What is needed:
The line containing "Plum Purple Fashion" marks the start; extract exactly from it through the last line of the entries, and omit any pictures.
== Stored data ==
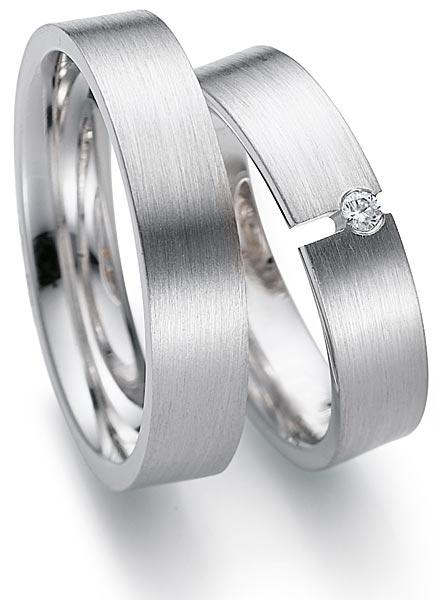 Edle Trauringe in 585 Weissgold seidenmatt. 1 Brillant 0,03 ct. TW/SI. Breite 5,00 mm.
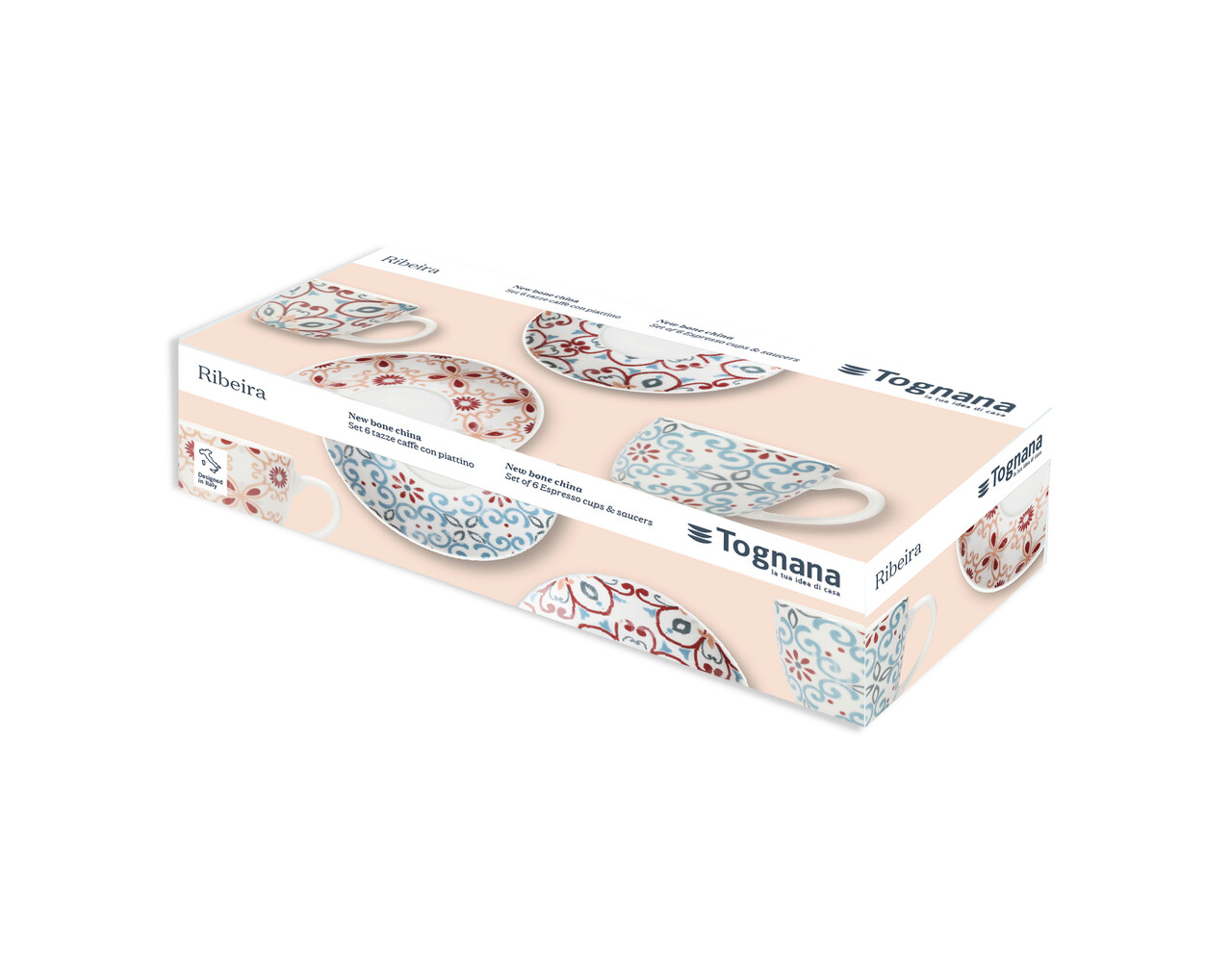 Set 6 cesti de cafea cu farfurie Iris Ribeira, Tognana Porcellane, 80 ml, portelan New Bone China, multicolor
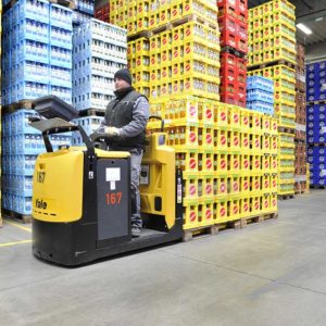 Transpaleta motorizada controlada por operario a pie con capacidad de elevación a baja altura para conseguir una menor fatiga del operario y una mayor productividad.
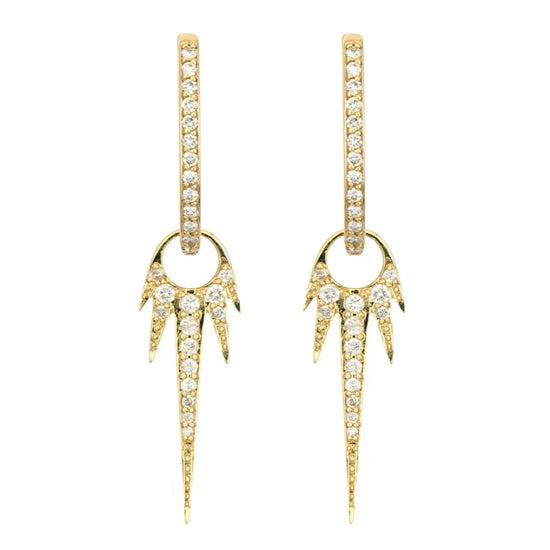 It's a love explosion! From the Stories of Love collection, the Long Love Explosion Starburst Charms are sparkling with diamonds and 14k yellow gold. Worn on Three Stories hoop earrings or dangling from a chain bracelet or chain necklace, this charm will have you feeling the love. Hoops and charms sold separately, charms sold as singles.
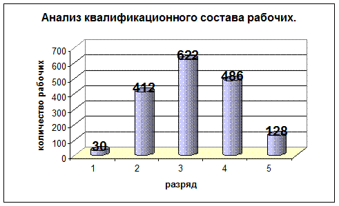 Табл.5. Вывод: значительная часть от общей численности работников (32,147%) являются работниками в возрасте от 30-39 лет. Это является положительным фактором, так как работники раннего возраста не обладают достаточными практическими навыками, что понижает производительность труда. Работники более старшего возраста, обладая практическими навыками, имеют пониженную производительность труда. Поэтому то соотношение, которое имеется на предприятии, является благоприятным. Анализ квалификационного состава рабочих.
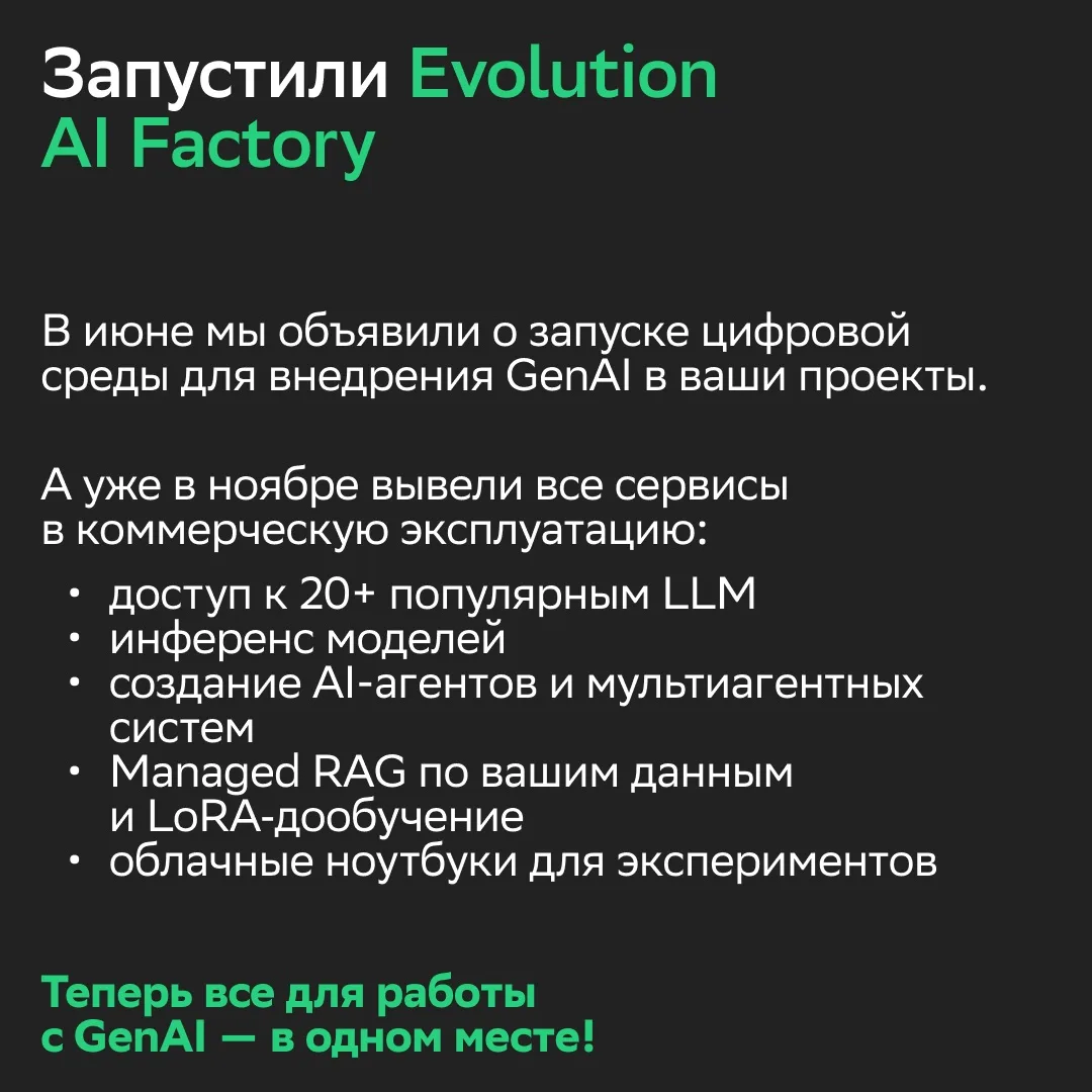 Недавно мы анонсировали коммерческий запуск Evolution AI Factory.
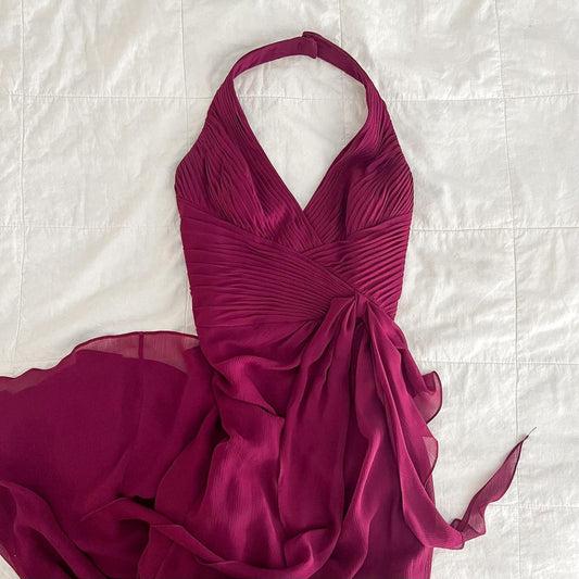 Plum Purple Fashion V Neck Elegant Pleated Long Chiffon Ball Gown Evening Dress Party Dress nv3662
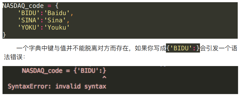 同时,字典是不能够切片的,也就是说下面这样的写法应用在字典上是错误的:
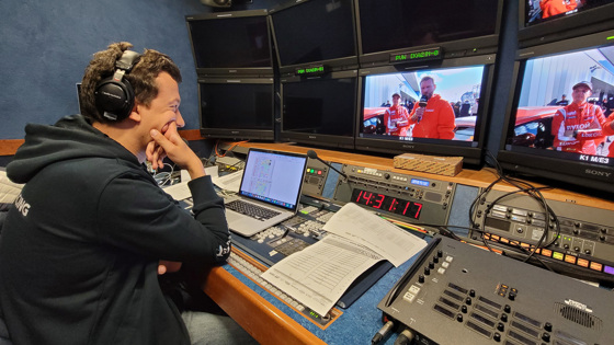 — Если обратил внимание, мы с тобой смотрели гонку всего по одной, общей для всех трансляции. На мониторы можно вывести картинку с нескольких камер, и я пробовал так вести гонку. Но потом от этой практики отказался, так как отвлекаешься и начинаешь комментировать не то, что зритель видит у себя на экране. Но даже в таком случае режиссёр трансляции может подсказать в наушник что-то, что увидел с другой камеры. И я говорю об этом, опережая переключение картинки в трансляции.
===
Completed task:
 Plum Purple Fashion V Neck Elegant Pleated Long Chiffon Ball Gown Evening Dress Party Dress nv3662
 同时,字典是不能够切片的,也就是说下面这样的写法应用在字典上是错误的:
 — Если обратил внимание, мы с тобой смотрели гонку всего по одной, общей для всех трансляции. На мониторы можно вывести картинку с нескольких камер, и я пробовал так вести гонку. Но потом от этой практики отказался, так как отвлекаешься и начинаешь комментировать не то, что зритель видит у себя на экране. Но даже в таком случае режиссёр трансляции может подсказать в наушник что-то, что увидел с другой камеры. И я говорю об этом, опережая переключение картинки в трансляции.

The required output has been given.